Wittlinger, E. (2007). Parrotfish. New York, NY: Simon & Schuster Books for Young Readers.
ISBN-10: 1416916229
ISBN-13: 9781416915222
•Plot Summary
Angela Katz-McNair has spent her entire life feeling like she was trapped in someone else's body, not the body of the boy he was meant to be. Now the time has come to change all that, and Angela has become Grady, making the shift from female to male at that most public of teen places-school. Grady's friends and family each have their own very individual responses to the news, some (like Grady's brother and father), taking the news better than others (like Grady's mother, sister, and Grady's former best friend, Eve). Grady's new friend, Sebastian, is writing a report on parrotfish, a species that can transition from female to male, and hopes that Grady will feel better about his own transition in seeing that he's not alone. When Eve finds out that her new "friend", Dayna, is planning to sabotage Grady, she has the courage to call Sebastian so that a plan can be laid to catch Danya in the act.
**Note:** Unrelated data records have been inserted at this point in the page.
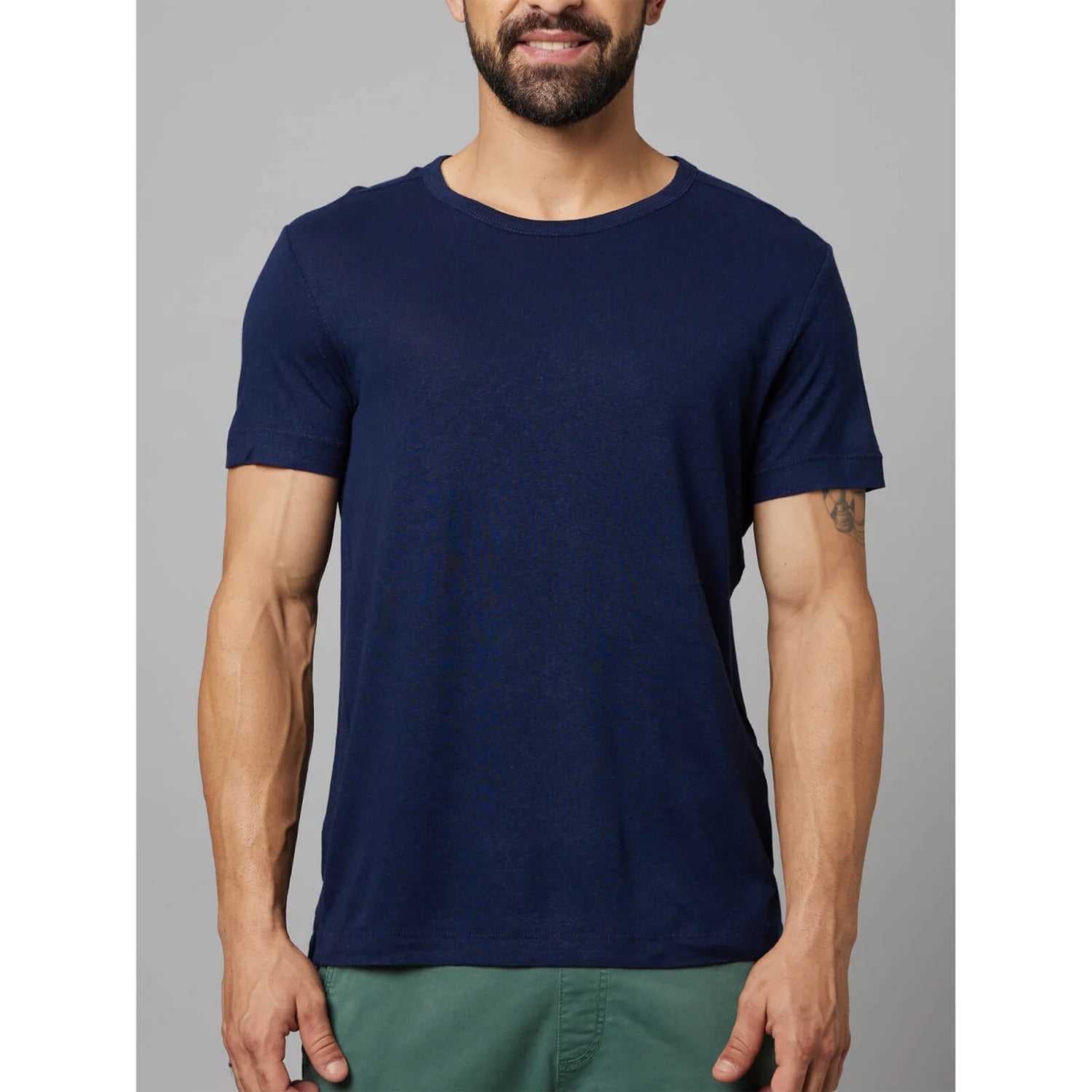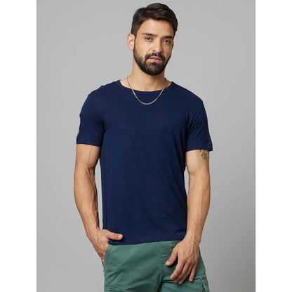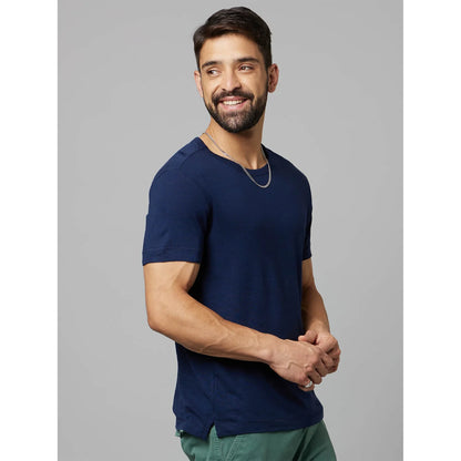 Celio* Solid Regular Fit Linen-Blend Navy Blue T-Shirt
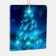 Christmas ornament with a Christmas tree decorated with vibrant electric-blue holiday lights. Sparkling and glittering with festive joy.
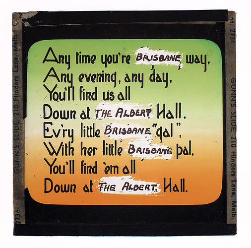 Text, on slide: 'Any time you're BRISBANE way/Any evening, any day/You'll find u s all/Down at THE ALBERT Hall/Ev'ry Little BRISBANE gal/With her little BRISBANE pal/You'll find 'em all/Down at THE ALBERT Hall.' Text on slide binding: 'GUNN'S SLIDE, 210 Flinders Lane, Melbourne. Cent. 2736'
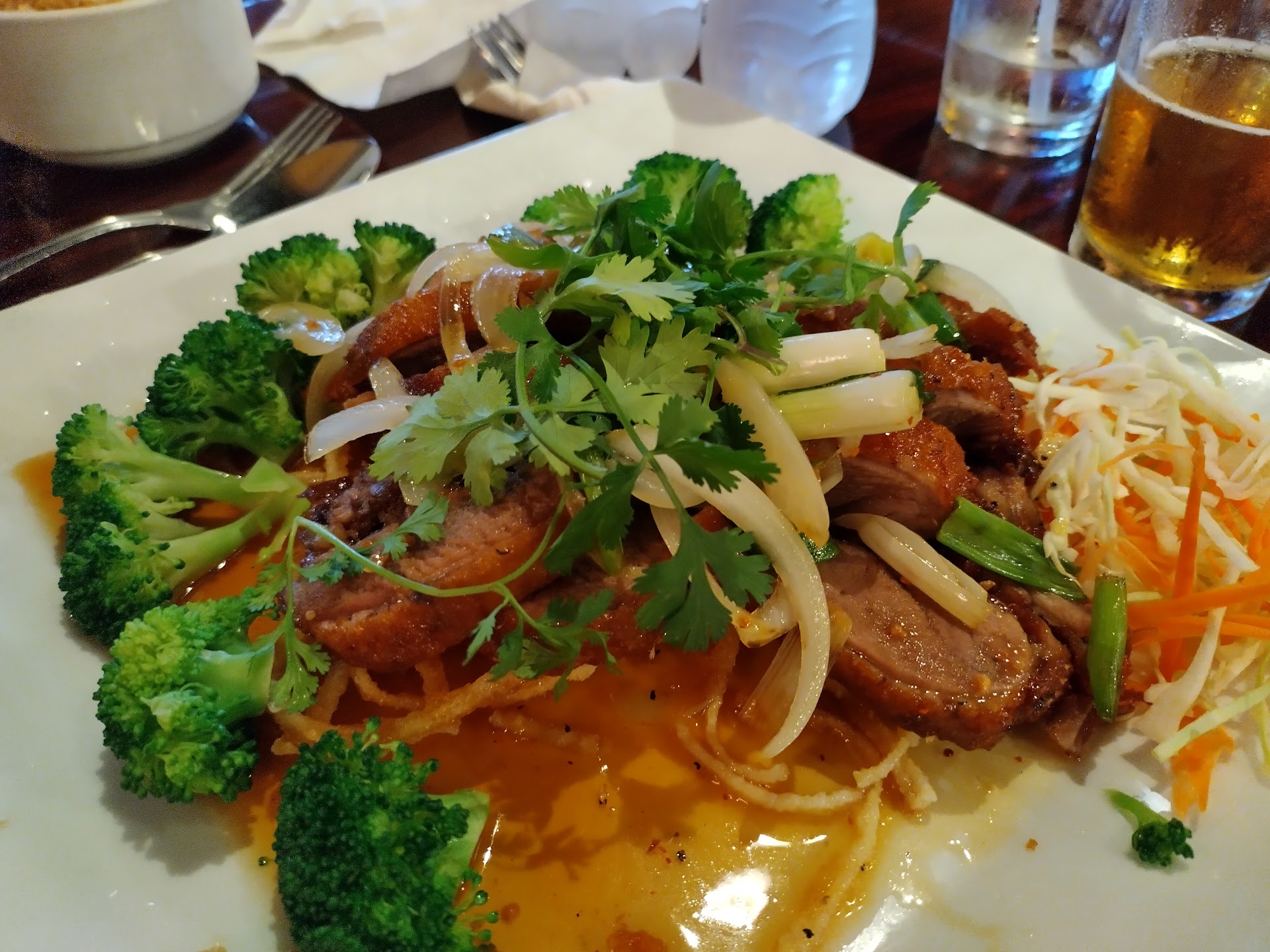 We ate the dinner and the pad thai was so dry and was nothing but noodles and tofu, no oeanuts, or scallions, or anything else that was supposed to be on it. The fried rice was decent and just like any fried rice you can get somewhere else.
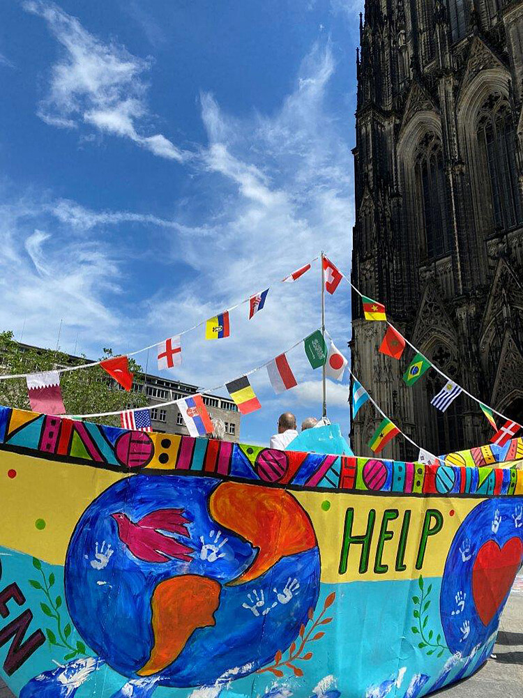 Von Köln aus nehmen die Boote Fahrt auf in Richtung Berlin. Dort werden über einhundert XXL-Origami-Papierboote am Weltflüchtlingstag, dem 20. Juni 2024, im Berliner Lustgarten ein weithin sichtbares, politisches Zeichen für Solidarität mit Geflüchteten gesetzt.

The would-be saboteur loses most of her friends as a result, and Grady becomes an unsuspecting minor hero of the school.
The backdrop to the chaos is Grady's father's Christmas holiday traditions of putting up eight thousand decorations, and acting out a Dicken's style scenario (right down to the vests and Tiny Tim's crutch), despite the fact his wife is Jewish. Grady has fallen in love with Kita, his gorgeous classmate who has also stood up for him against Danya, but who ultimately ends up back with their friend, her ex boyfriend, Russ. Whereas it would have been easy to leave Grady as a hurt teen learning harsh lessons about being transgendered, the reader is instead given a wonderful Christmas play by the entire family (which now includes Sebastian, Eve, and the new family dog).
•Critical Evaluation
A simplistic look at life as a transgendered teen, which while it could have more intense, does a fairly good job of giving the uninformed a view into this phenomenon.
•Reader’s Annotation
Suitable for younger and older teens, a good introduction to the transgender experience through the eyes of a young person.
•Information about the author
•Genre
Realistic Fiction
•Curriculum Ties
Social Science
Sexual Education
•Booktalking Ideas
Transgendered persons, bullying
•Reading Level/Interest Age
Grades 9-12/Ages 14-19
•Challenge Issues
Possibility of individuals protesting that being transgendered is unnatural, but as Sebastian points out, these people can be shown precedents in the animal kingdom.
•Why did you include this book in you’re the titles you selected?
Book part of the curriculum, but I might have chosen it anyway, having had transgendered friends since college.